Thanks @airborneinf82 . That helped me refresh my memory, and now I remember that I did not get a resolution to it, apart from not using the inplace operation, as discussed in Kens post

(Eddie) #237

Ahh thank you! I totally over looked that post! I will give that a try here in a bit.

(Hugues) #238

Hello all and @jeremy

I’m kind of stuck on my project, I’m reaching 80% accuracy but I think I can do better, my data is unbalanced, I would really like to try a GAN to augment my data, I’m almost there. I have followed Lesson 12 but I have 3 blocking points in each of these posts of mine:

If someone could guide me by replying into the specific thread, thanks a lot for your help.

(Eddie) #239

That was the trick! Fantastic, thanks. Can’t believe I over looked that post!

(Chris Palmer) #240

Great - glad to have been helpful! :wink:

(Bilal) #241

To save memory; he answers this in the video.

(Vijay Kumar) #242

I am unable to run the cifar10-darknet .ipnb fully on my local eGpu ( TitanXP-- Macos 10.13.6)

After 2-3 rounds of training data my GPU heated up and shut down.
I have reduced the batch size(64) as well but that helped also.
Since the image size is 32*32, So i thought it should work, but not able to build fully.
Can someone help me on this.
Looks like only option left is that i need to go to the AWS or Google.
Any suggestion or help please.

(Vishnu Kumar Kailash Kumar) #243

@Even Well said. Your words are practical and motivating. Thank you.

(魏璎珞) #244

I was tinkering with the wgan notbook and decided to try not training the discriminator more times (5X and occasionally 100X) than the generator. So I changed the following in train(train(niter, first=True))

def train(niter, first=True):

                #d_iters = 100 if (first and (gen_iterations < 25) or (gen_iterations % 500 == 0)) else 5 
                d_iters = 1 # training ratio of discriminator: generator is 1:1

        print(f'Loss_D {to_np(lossD)}; Loss_G {to_np(lossG)}; '
              f'D_real {to_np(real_loss)}; Loss_D_fake {to_np(fake_loss)}')

It seems to train the WGAN faster.
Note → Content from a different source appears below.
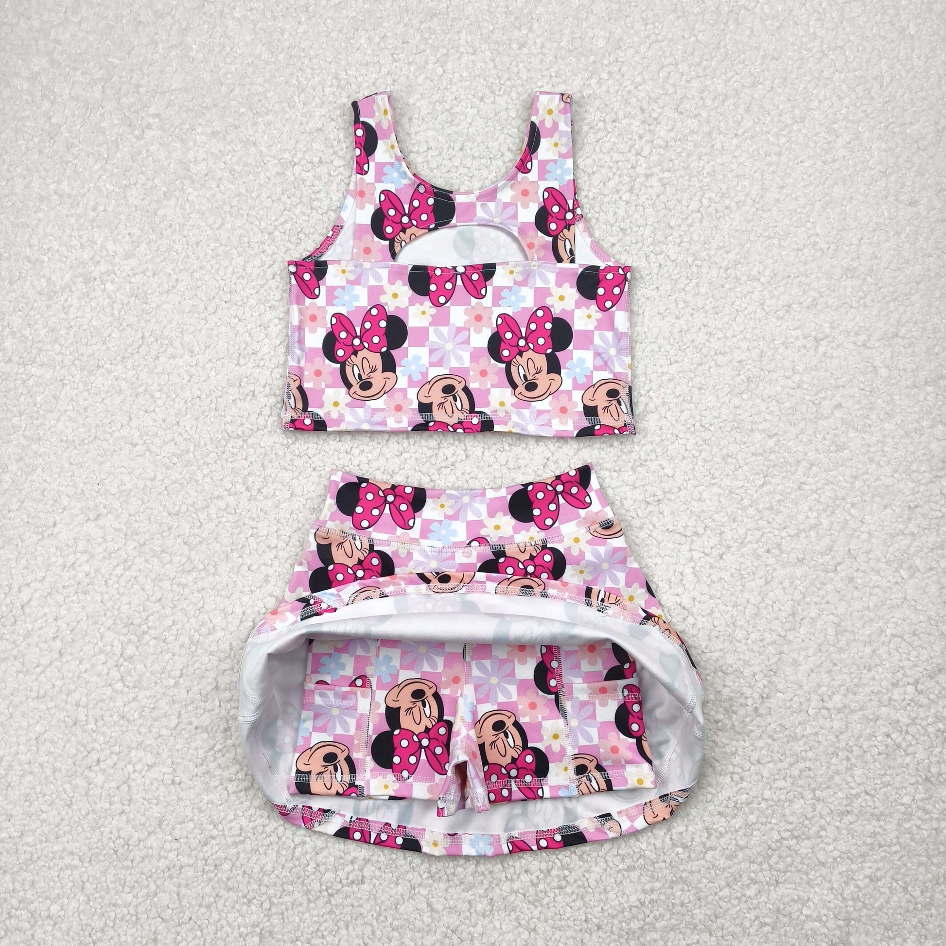 Baby Girl Sleeveless Mouse Flower Checked Skorts Sibling Yoga Active Set Dress RTS

In the first 5 iterations one can get quite respectable fake images.

train(5, False)

Anyone knows if doing this will lead to worse mode collapse or memorization or whatever GAN problems that Ian Goodfellow admonishes about?

Edit: unfortunately on celebA dataset the glaring deficiency shows up quite starkly at 10 iterations.

train(5, False) 
set_trainable(netD, True)
set_trainable(netG, True)
optimizerD = optim.RMSprop(netD.parameters(), lr = 1e-5)
optimizerG = optim.RMSprop(netG.parameters(), lr = 1e-5)
train(5, False)

(Ben) #245

Thanks for that but I am having a new error.

TypeError: No loop matching the specified signature and casting was found for ufunc add

Then I set learn.metrics = []
and everything works fine.

I also saw someone using pytorch 0.4 will work too

(Tomoaki Ando) #246

In cyclegan notebook, I got stuck at optimization process saying following error:

RuntimeError: cuda runtime error (2) : out of memory at c:\anaconda2\conda-bld\pytorch_1519501749874\work\torch\lib\thc\generic/

When I met this error, I followed the theory of decreasing batch-size and it worked.
However, bs is already 1 in this case, and I met same error.
Is there anything to make it work?